At end September 2015, it was announced on various medical new sites that Oregon State University’s researchers have developed a new approach to treat eczema that is
- Personalized; and based on
- Individual lipid deficiencies (akin to lipid fingerprint)
The new system patented (yet to be developed) requires testing of skin and lipid samples (from sticking and pulling off a piece of tape on/from the skin), using a mass spectrometry. The testing is non-invasive and suitable for infants and elderly as well.
It is established that eczema skin is often lacking in lipids, the reason why many moisturizers have active ingredients to restore the skin lipid levels such as ceramides, cholesterol and free fatty acids. However, there are many types of skin lipids and researchers at OSU believe that choosing the skincare and therapeutic product that specifically target one’s deficient lipids will help eczema sufferers.
Hopefully when developed, the ‘lipid fingerprint’ system will address:
- Steroid usage which has side effects with long-term use
- ‘One size fits all’ method of moisturizer selection
- Reduce costs associated with doctor consultation and that of using the ‘wrong’ products – when the deficient lipids can be identified, it can then be known which lipid composition is missing, i.e. those that serve protective or barrier or antimicrobial function.

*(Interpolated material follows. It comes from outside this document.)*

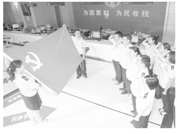 江西省宜春市税务部门在“七一”前夕,开展党员重温入党誓词等活动,庆祝党的生日。 施建平 邹 忠 文/图

Associate Professor Arup Indra explained in an interview that “Lipids in our skin help retain moisture, they act like a blanket that protects against irritation and infection, You could think of skin cells as the bricks of a wall, but lipids are the mortar that prevent things from getting through the cracks. When they are deficient, problems can develop.”
Previous research by A/P Indra and other researchers has identified a protein (Ctip2) that is critical for forming and maintaining the skin barrier in mice, and for skin lipid metabolism. Mice that had Ctip2 removed had dry and scaly skin, and developed skin lesions. The removal of Ctip2 also led to increased inflammation, with presence of high levels of inflammatory proteins, enlarged lymph nodes and spleen in the mice. Without Ctip2, TSLP (another protein that has been known to activate other cells to be pro-inflammatory, linked to eczema and asthma) also became 1000-fold higher in the mice.
It is interesting research by the College of Pharmacy at OSU and my personal thought is that even if targeting deficient lipids alone may not ‘cure’ eczema for everyone, it will definitely help to reduce the cost of buying moisturizers that are not the ‘right lipid fit’. Keeping fingers crossed that R&D in atopic dermatitis will have breakthrough in the next few years to provide relief for all eczema sufferers.